Zimmerman found himself beaten and bloody, potentially losing consciousness, under continual assault, and afraid for his life. Under Florida law, and under the laws of most other states, all of the requirements for the use of deadly force in self-defense were present. Zimmerman was innocent — he was not the aggressor — a reasonable person in his situation would have reasonably believed he was in danger of serious bodily injury or death, he had no other option to stop Martin’s attack, and his response — a single round fired — was proportional to the situation.

Zimmerman’s actions were fully in accordance with Florida self-defense law, an absolute defense to murder, and in no way violated Florida’s murder statutes.

FINAL THOUGHTS:

George Zimmerman should never have been prosecuted. The Sanford Police and the local prosecutor refused to prosecute him on the evidence. It was only when the racial grievance industry and the Obama Administration injected themselves that a corrupt special prosecutor was charged with prosecuting Zimmerman regardless of the evidence. This was a matter of cynical racial politics, not the law.

The prosecution actually proved self-defense. The prosecutors actually proved that George Zimmerman lawfully defended his life.

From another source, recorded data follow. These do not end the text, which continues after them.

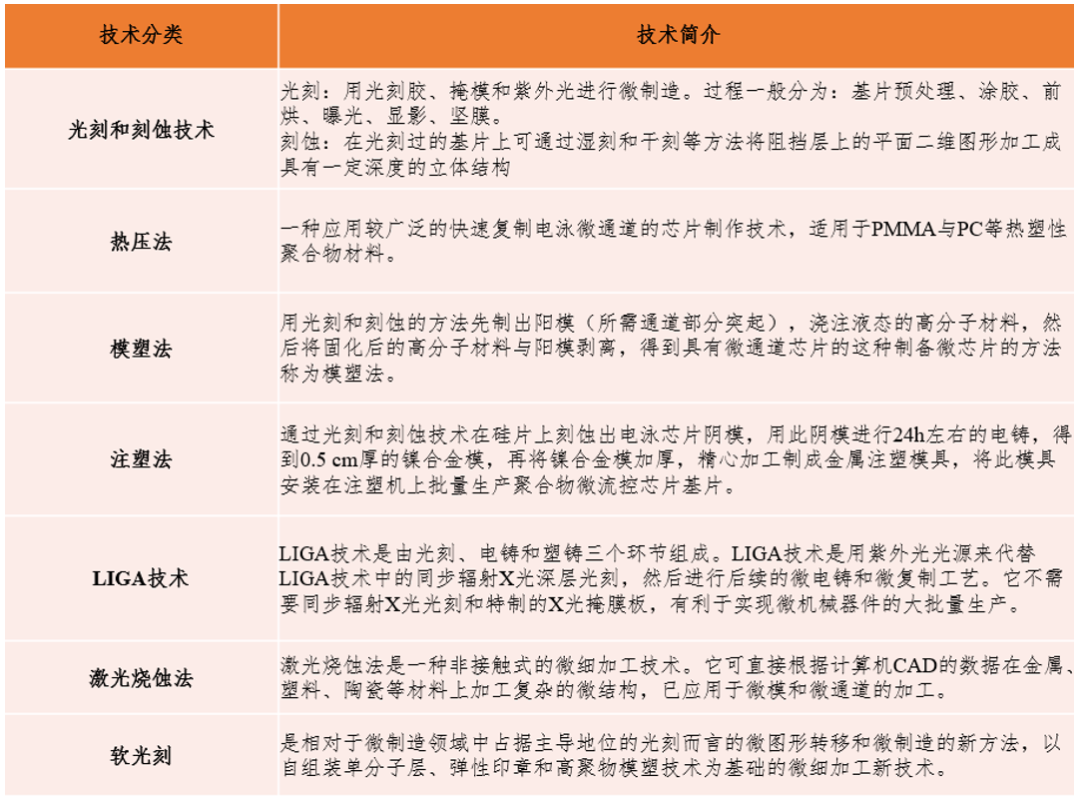 (二)微流控芯片制造技术:众多,大致分为以下几种:
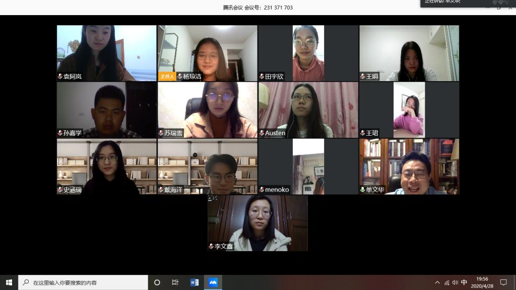 4月28日晚,k8体育·(sports)官方网站硕2018级党支部组织开展线上组织生活会,会议的主题以习近平总书记考察k8体育·(sports)官方网站,并鼓励交大师生努力发扬西迁精神,争做时代新传人为背景,支部特别邀请了k8体育·(sports)官方网站副院长丁卫老师与同学们一起交流学习,会议由支部书记谢雨蓉主持。
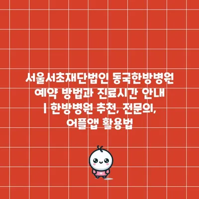 ✅ 서울서초재단법인 동국한방병원의 예약 방법과 진료 시간을 알아보세요.
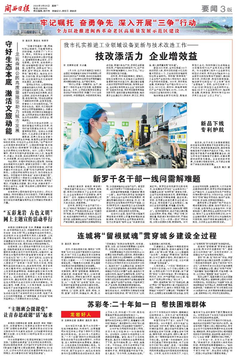 在龙州工业园,挂钩干部为福建天博信息技术有限公司量身梳理政策适配清单,现场指导企业开展政策申报,助力这家省级“瞪羚企业”快速享受政策红利。新罗区还依托数字化服务体系,在龙雁经济开发区“企业服务中心”设置惠企政策“免申即享”清单电子屏,企业可在线查询政策兑现、要素保障进度,让政策红利精准滴灌、直达快享。目前,各项惠企政策已惠及全区超200家企业,有效提振了企业发展信心,推动工业经济提质量、抓增量、促发展。
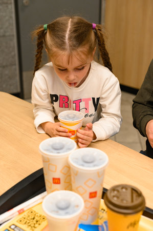 Ivano-Frankivsk, Ukraine, June 7, 2023: a small and cute girl is drinking Coca-Cola in McDonalds.
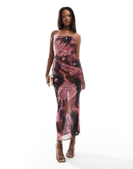ASOS DESIGN bandeau midi dress with drape mesh bodice in pink abstract print
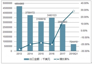 2013-2018Q1年中國照相機出口金額及增長走勢

The lesson of the George Zimmerman prosecution is clear: even if one lawfully employs deadly force in accordance with the letter and spirit of the law, even if one fires only a single round that causes no collateral damage to persons or property, even if there is no evidence whatsoever of racial animus, even if there is no evidence to fulfill a single element of a charge of murder, there is no guarantee that one will not be prosecuted — and perhaps even convicted — of a crime they did not commit.

Despite the fact that no “stand your ground” law was in any way implicated or invoked in the Zimmerman case, anti-gun advocates continue to argue the case as evidence of the need to abolish stand your ground provisions. Perhaps the truth might be useful there as well.